Last week I drafted some reflections on the Coronavirus lockdown, suggesting that a little more generosity – and reciprocity - would be no bad thing. My opening hook was a farmer’s call for the footpaths in Wales to be closed – and its contrast to the thousands who are working to keep supply chains open, serving us in shops, supporting and for that matter subsidising rural communities…
As is my way, I slept on the piece and before some final edits, explained its theme and tenor to Jane. Do you really want to wade into all that, she asked? For the first time in more than in a decade of Views from the Bikeshed, I didn’t press the button to ‘publish’.
You might think that this period of isolation would be a delight for a writer: solitude, the time to reflect, a ready audience for their words... The reality, especially for essayists, is somewhat different.
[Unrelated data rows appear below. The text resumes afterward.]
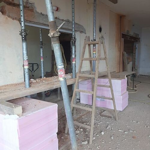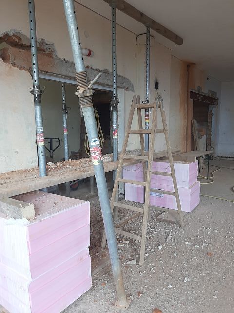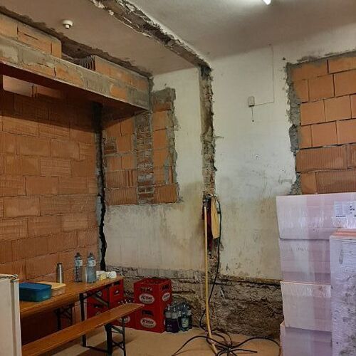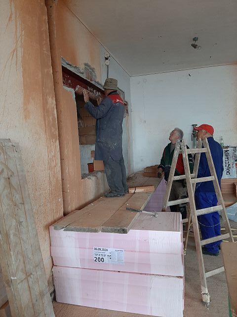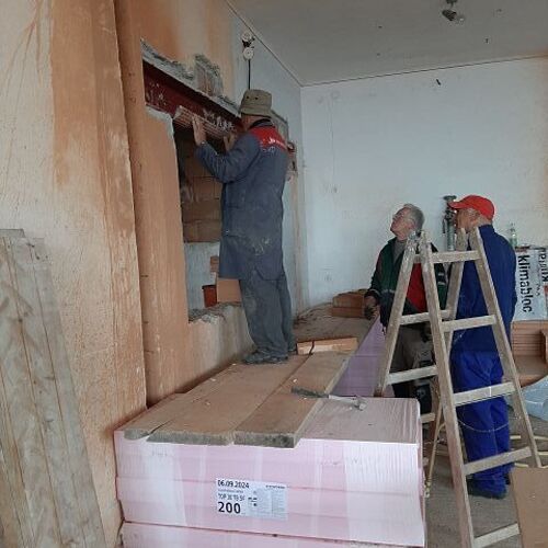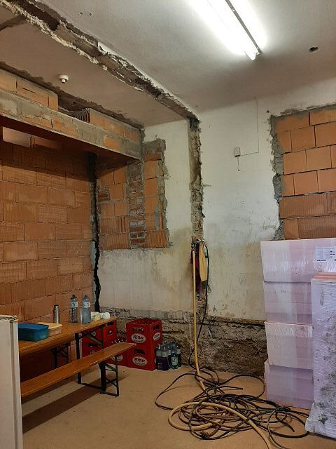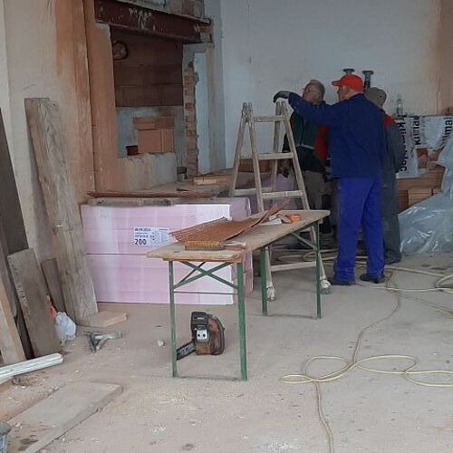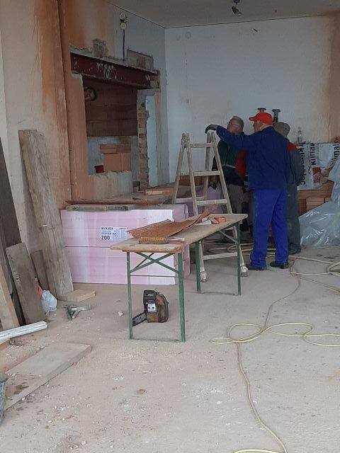 Vor dem Wochenende wurde unser "Jausenquartier" bereits in unsere pfarrlichen Räume verlegt, da oben bereits seitens der Gemeinde begonnen wurde. Göbl Fritz machte das Nötigste am Strom, sodass wir bereits in "unserer" Pfarrheimküche zum Jausnen Strom haben.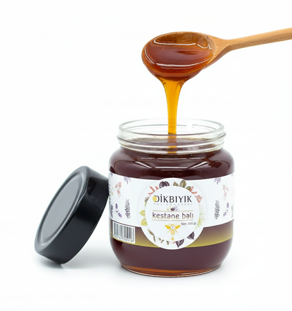 Kestane balı, arıların kestane ağaçlarının çiçeklerinden topladığı nektardan üretilen, koyu renkli ve aroması yoğun bir bal türüdür. Dikbıyık Arı Ürünleri olarak, saf ve katkısız kestane balımızla hem lezzeti hem de sağlığı sofralarınıza taşıyoruz. Kestane Balının Faydaları Bağışıklık Sistemi Dostu Kestane balı, doğal antibakteriyel özellikleri sayesinde bağışıklığı güçlendirir ve vücudu hastalıklara karşı korur. Sindirim Sistemine Destek Özellikle mide problemleri ve hazımsızlık yaşayanlar için faydalıdır; sindirim sistemini düzenlemeye yardımcı olur. Enerji Verir Doğal şekerler sayesinde vücuda hızlı enerji sağlar, sporcular ve yoğun çalışanlar için idealdir. Lezzetli ve Aromatik Kendine has aroması ve yoğun tadı ile kahvaltılardan tatlı tariflerine kadar her öğünde kullanılabilir.
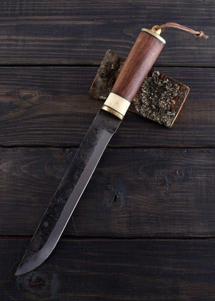 The razor-sharp high-carbon steel blade is not fully polished. The flats still show forging marks that give the knife a rustic appearance.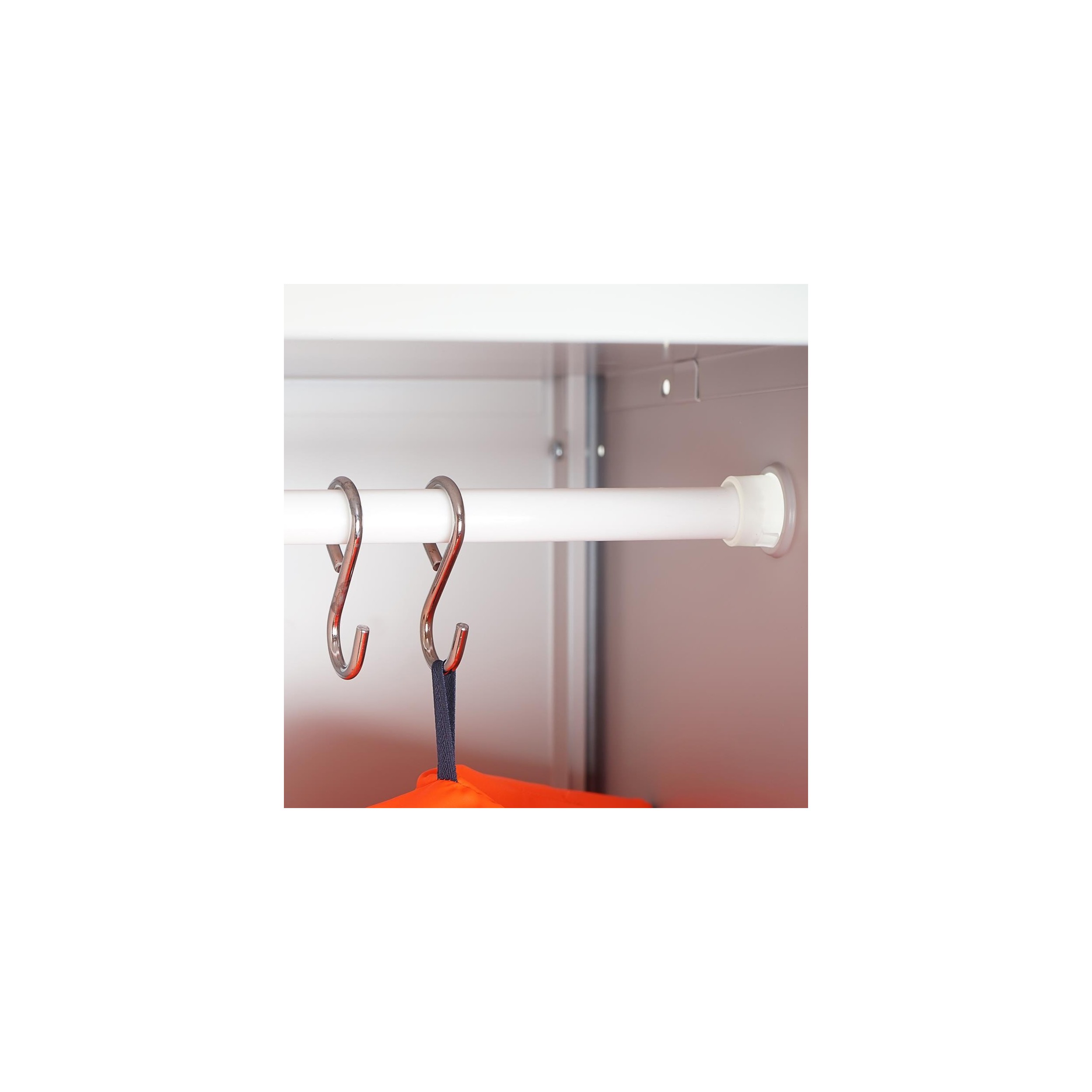 Estamos ante un armario de grandes dimensiones, 183x30x50 cm, por lo que ofrece una considerable capacidad de almacenaje. Cuenta con un estante y una barra para colgar con 3 ganchos, por lo que cada persona podrá guardar sus enseres o carpetas sin interferir en las del resto.
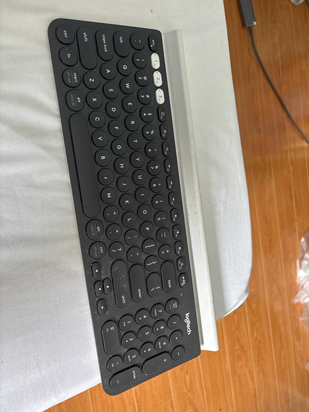 This is a Logitech wireless keyboard. It's powered by AAA batteries and connects wirelessly. It has a sleek black design with round keys. Missing the wireless dongle and back cover. Bluetooth still works.
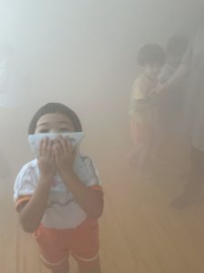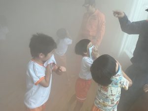 そして、今回の目玉はなんと煙体験!部屋の中が白い煙でいっぱいになり、前が全く見えない状態に…。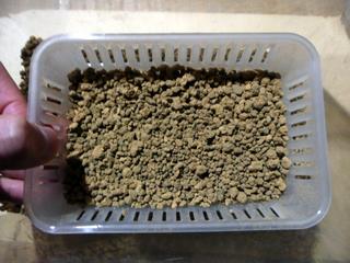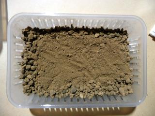 用意したのは野菜用?の網状のものとの2層式タッパー(100均)と赤玉土。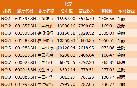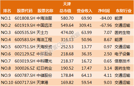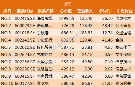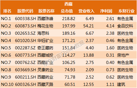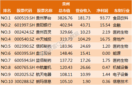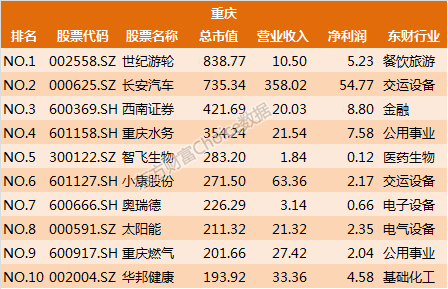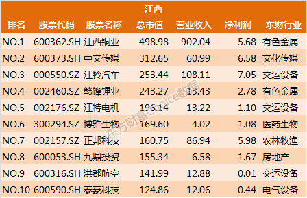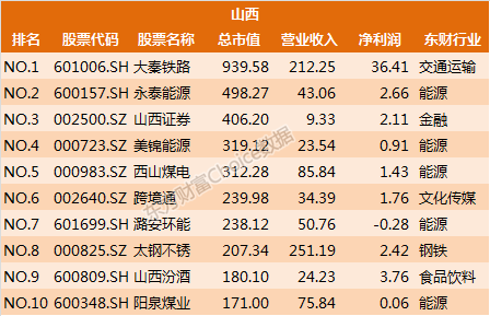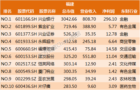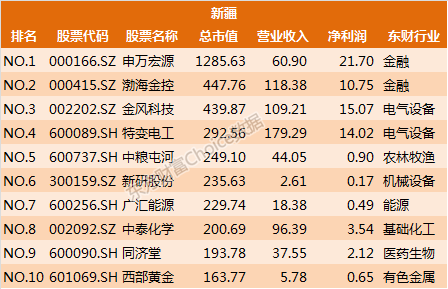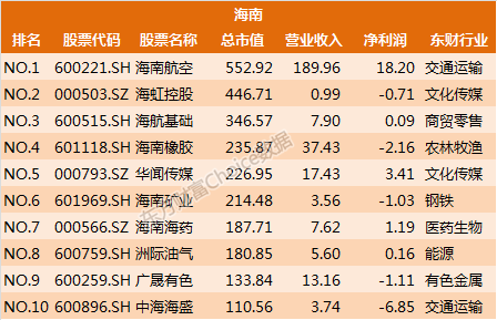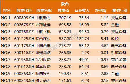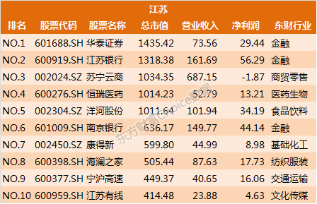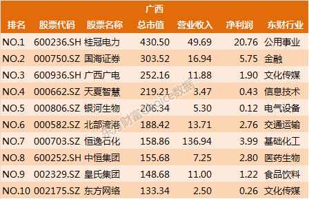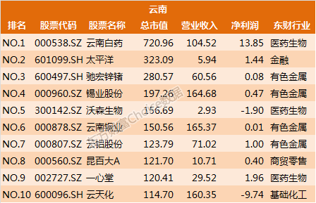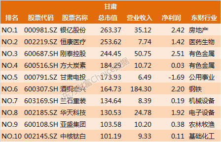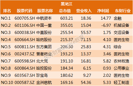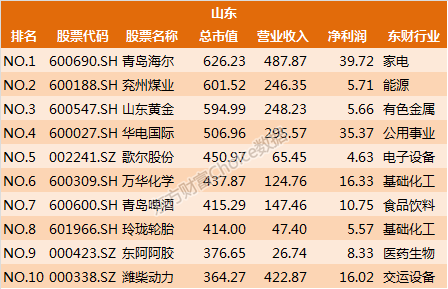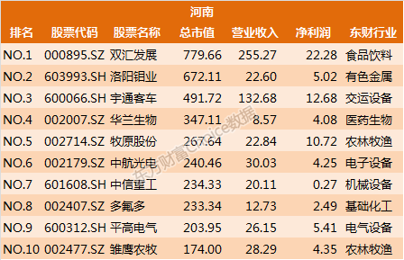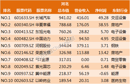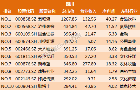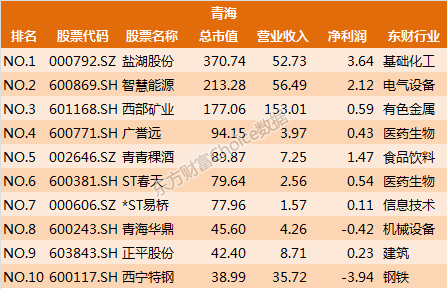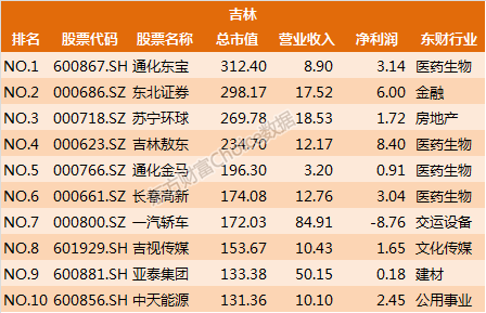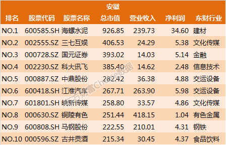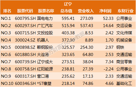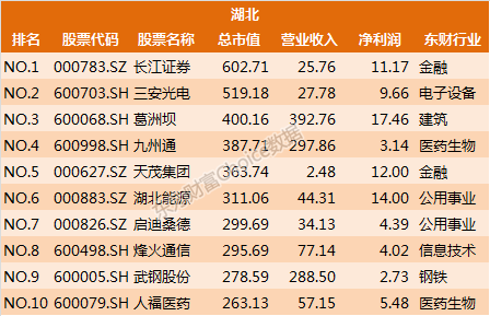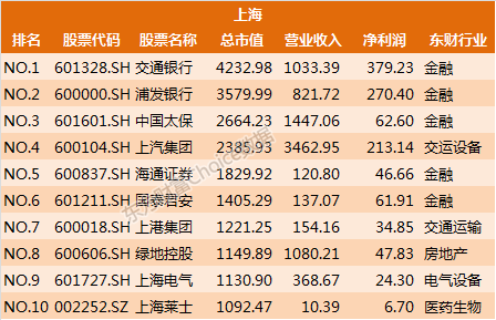 来源:东方财富各省上市公司十强名单系按照总市值排序,表单中营业收入及净利润数据均为2016年中报数据,单位为亿元。注:本文所提上市公司为沪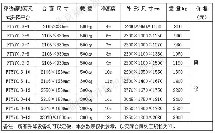 ▍移動升降機常規參數 / Product Parameter

Writing - or at least, that worth reading - thrives on our openness to difference, a willingness of the reader to be challenged; at its best - whether it be poetry, fiction or a reflective blog post - writing helps us to see the world afresh.
Yet, at a time when that quality is arguably more valuable than ever, debate is not what's wanted. Rather, the wish is for our hopes to be confirmed - the reassurance that our preferences may be more than that alone. As a writer, the pressures to conform, to withhold all but the positive, are tangible - and intimidating. If you doubt me, take a look at the comments meted out to Matthew Pariss by the usually genteel readers of the Times. Never in my writing career have I felt so stymied by the zeitgeist.
The week before last, two of my neighbours were fined for driving a mile to walk their dog – their trip considered by the police as 'unnecessary travel'. Evidently, the officers were embarrassed to issue the ticket, and no doubt did so under instruction. In the scheme of things, it's a peripheral incident - my neighbours have probably shrugged it off - and yet it leaves me with a lingering unease.
For have we really come to this?
What became of the 'exercise of discretion' that's so essential to a sense of proportion? Are we – even in these extraordinary times - comfortable that our law enforcement officers should lie in wait for a middle-aged couple on a midweek afternoon? Are our reasonable concerns in danger of morphing into a public hysteria that fuels - and justifies –potentially more sinister measures?
Already, I’m concerned about the paragraphs above.
Do they read as a rail against a lockdown that must be vastly more tolerable for those of us living in rural areas? Should I perhaps add that we’re clearly in uncharted waters? And acknowledge that all of us – police officers included - need some leeway to account for the lack of maps?
The paragraphs are actually lifted from my original draft; their relevance now is only by way of illustration. It's not so much their logic or even their message that concerns me – but that any comment now risks misinterpretation; that within days – hours even – it will look out of place, jar with the public mood; appear as an ill-timed and ill-advised utterance that was best left unsaid.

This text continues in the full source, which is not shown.